Remark 31 Estimates of the form (24) are known as mean value theorems, and were first established by Vinogradov in 1937 in the case when {s} was sufficiently large (and by Hua when {s} was sufficiently small). These estimates in turn had several applications in analytic number theory, most notably the Waring problem and in establishing zero-free regions for the Riemann zeta function; see these previous lecture notes for more discussion. The ranges of {d,s} for which (24) was established was improved over the years, with much recent progress by Wooley using his method of efficient congruencing; see this survey of Pierce for a detailed history. In particular, these methods can supply an alternate proof of (24); see this paper of Wooley.

Exercise 32 (Discrete restriction) Let {0 < \delta < 1} and {d \geq 2}, and let {\Omega} be a {\delta}-separated subset of either the unit sphere {S^{d-1}} or the paraboloid {\{ (\xi', |\xi'|^2): \xi' \in [-1,1]^{d-1} \}}. Using Theorem 24 and Exercise 26, show that for any radius {R \geq \delta^{-2}} and any complex numbers {a_\omega, \omega \in \Omega}, one has the discrete restriction estimate

\displaystyle  (\frac{1}{|B(0,R)|} \int_{B(0,R)} |\sum_{\omega \in \Omega} a_\omega e^{2\pi i x \cdot \omega}|^{\frac{2(d+1)}{d-1}}\ dx)^{\frac{d-1}{2(d+1)}}

\displaystyle \lesssim_\varepsilon \delta^{-\varepsilon} (\sum_{\omega \in \Omega} |a_\omega|^2)^{1/2}.
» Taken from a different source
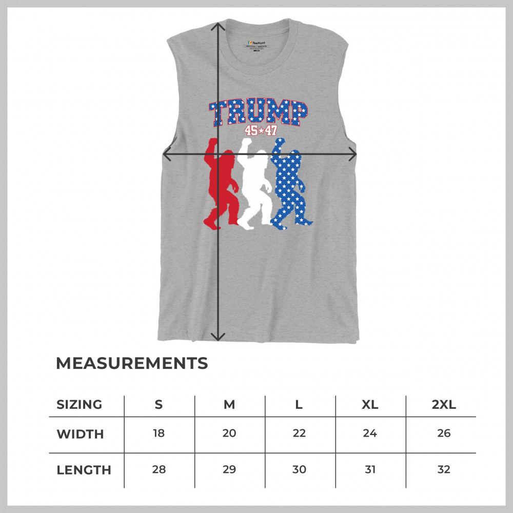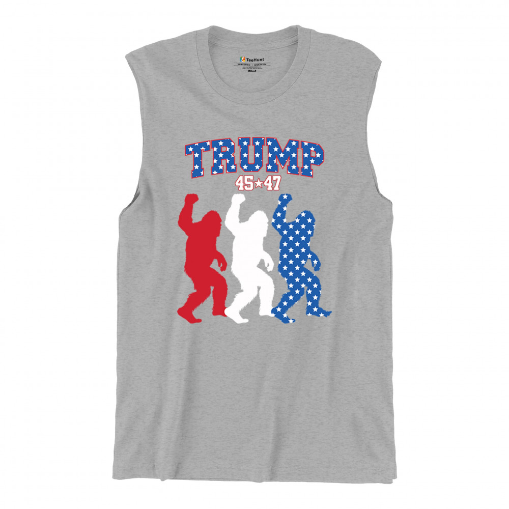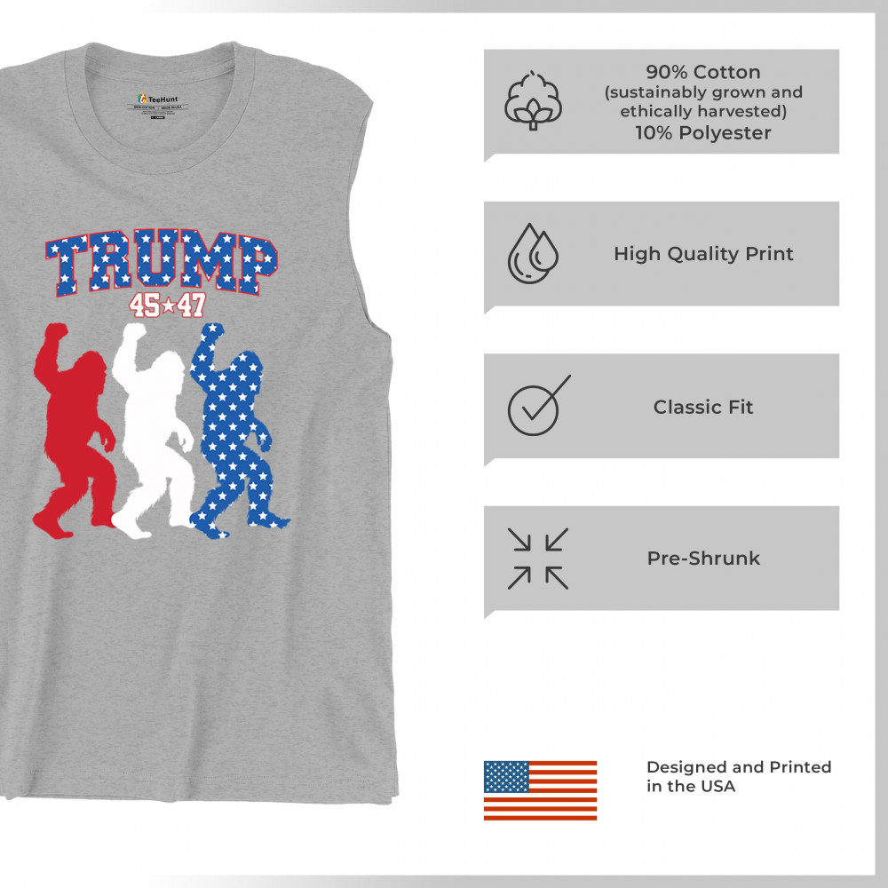 Unite humor and patriotism with the Trump 45/47 Bigfoot design! Featuring bold red, white, and blue Bigfoot silhouettes adorned with American flag stars, this eye-catching design supports Donald J. Trump, the Republican party, and the Red Wave movement. Embrace the fight for common sense, America First, and the people's mandate with this unique and fun statement piece.

Explain why the exponent {\frac{2(d+1)}{d-1}} here cannot be replaced by any larger exponent, and also explain why the exponent {2} in the condition {R \geq \delta^{-2}} cannot be lowered.

For further applications of decoupling estimates, such as restriction and Strichartz estimates on tori, and application to combinatorial incidence geometry, see the text of Demeter.

[These exercises will be moved to a more appropriate location at the end of the course, but are placed here for now so as not to affect numbering of existing exercises.]

Exercise 33 Show that the inequality in (8) is actually an equality, if {A_2 = \| \sum_{j=1}^n 1_{U_j} \|_{L^\infty({\bf R}^d)}} is the maximal overlap of the {U_j}.

Exercise 34 Show that {D(\delta') \lesssim D(\delta)} whenever {0 < \delta \leq \delta' \leq 1}. (Hint: despite superficial similarity, this is not related to Lemma 14. Instead, adapt the parabolic rescaling argument used to establish Proposition 15.)